Reputation: 720
I can't include version from package.json
in angular's library but it works in a project. I use import like that:
import { version } from '../../package.json';
and get the following error:
ERROR: error TS6059: File '/Users/.../library/package.json' is not under 'rootDir' '/Users/.../library/src'. 'rootDir' is expected to contain all source files.
An unhandled exception occurred: error TS6059: File '/Users/.../library/package.json' is not under 'rootDir' '/Users/.../library/src'. 'rootDir' is expected to contain all source files.

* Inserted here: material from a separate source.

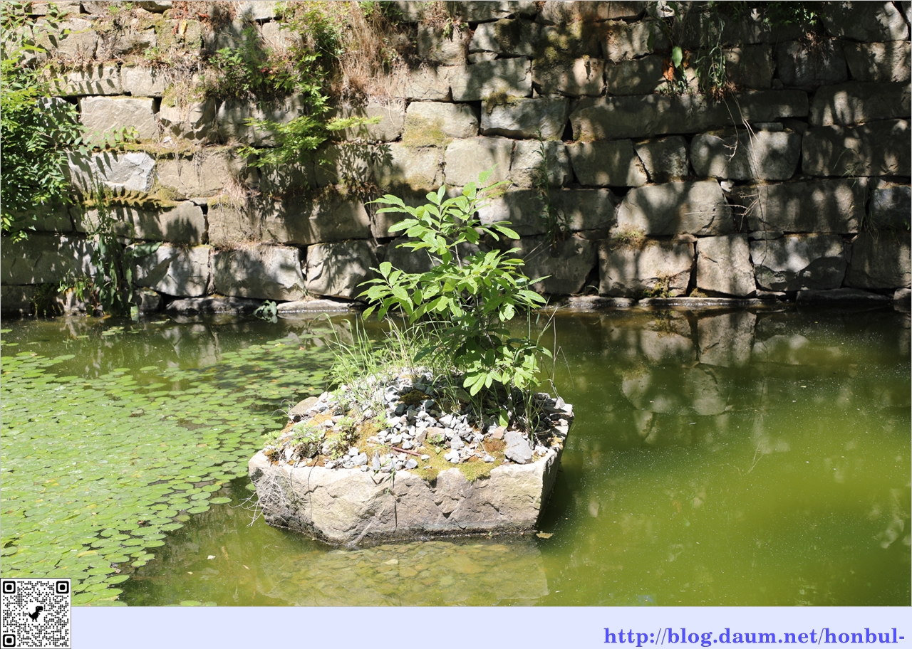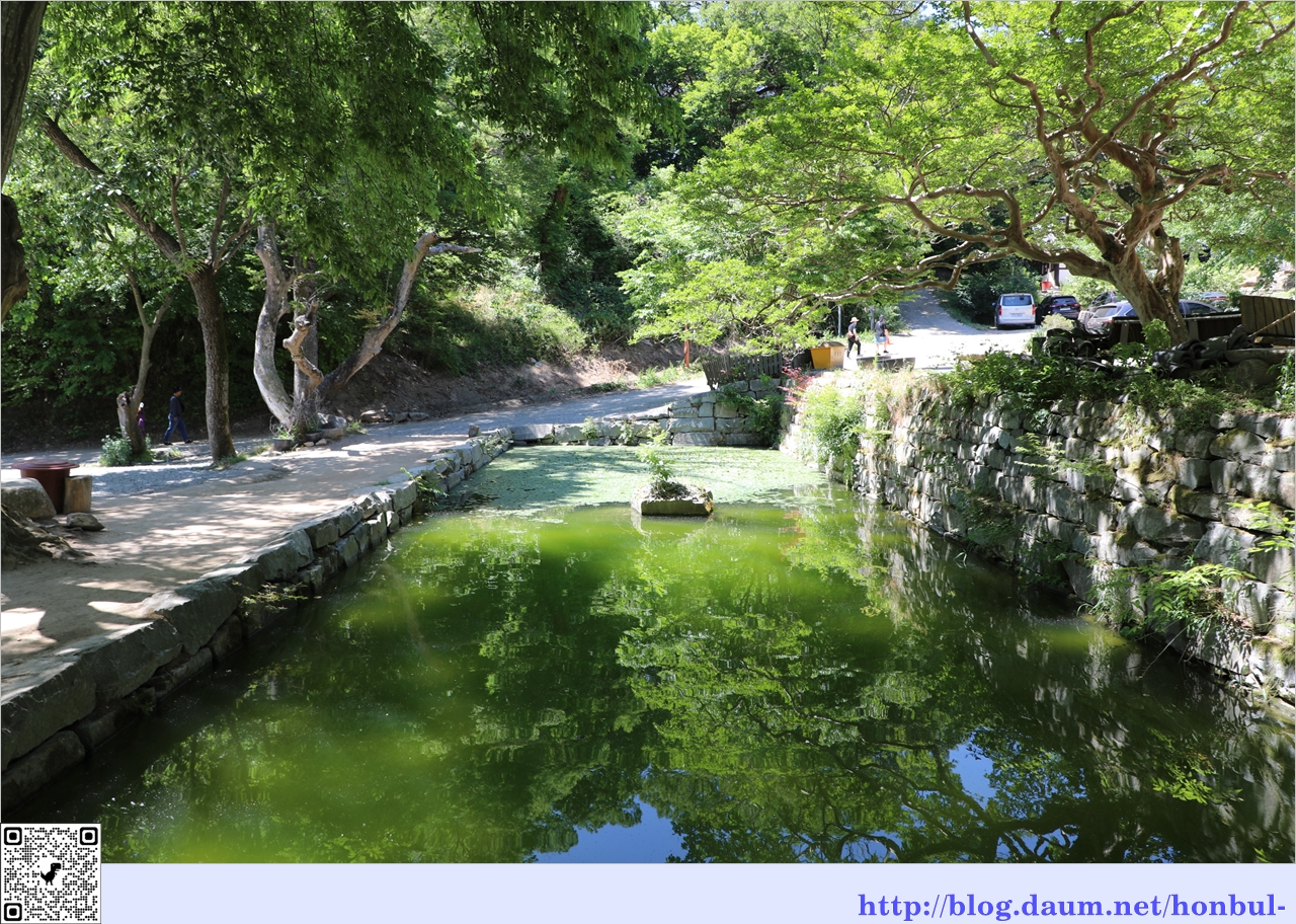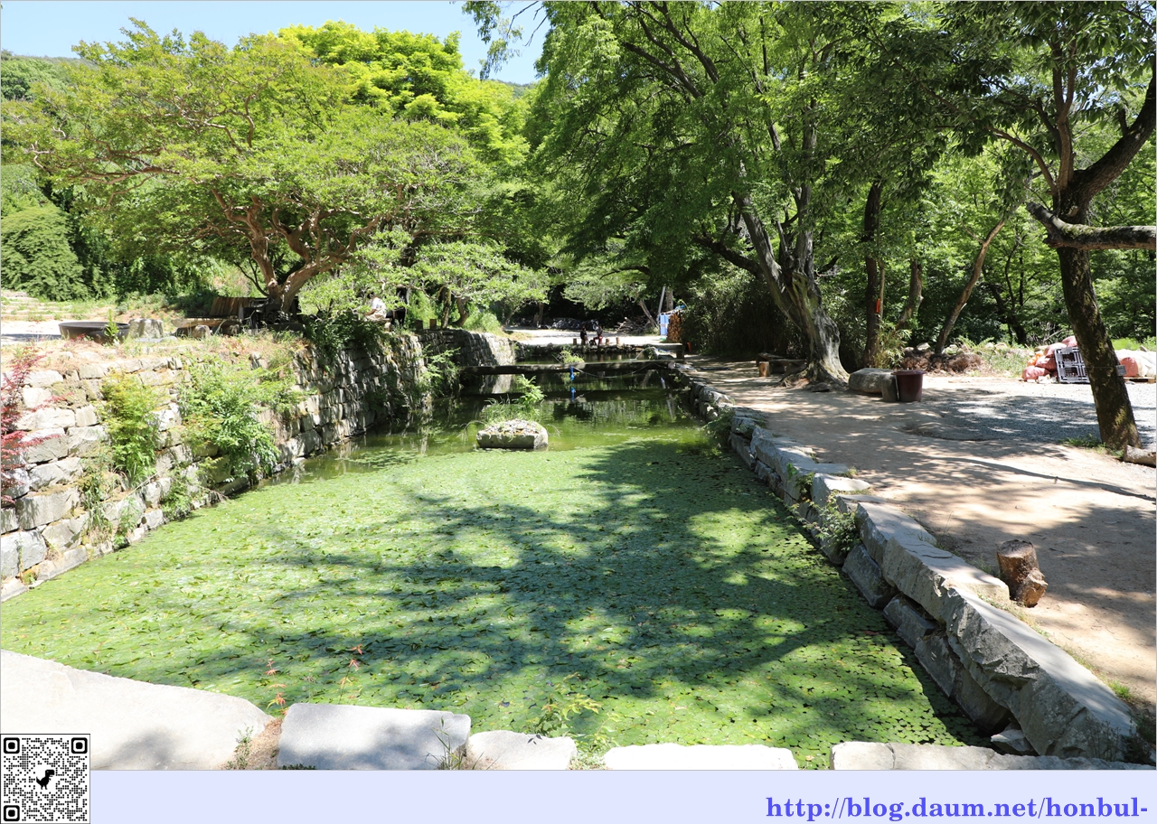 오른쪽에 있는 배롱나무에 붉은 꽃이 피면 녹색 연못과 잘 어울리겠다.

See "/private/var/folders/tw/z8v0wkt50g5876740n99hzy00000gp/T/ng-0JDpjC/angular-errors.log" for further details.
The way through require
includes the whole package.json
which incur security risks. import { version } from '../../package.json'
includes only the version number but works for angular applications not libraries.
Upvotes: 3
Views: 10983
Reputation: 182
The solutions proposed under this post do work, however, they pose security threats as the full package.json file wil be exposed on the client side. This should be a more secure solution: In an Angular (>= 2) application, how to include version information from npm package.json file into the compiled output files?
Upvotes: 0
Reputation: 492
As Jozef mentioned make sure you turn on the "resolveJsonModule": true in your tsconfig.json.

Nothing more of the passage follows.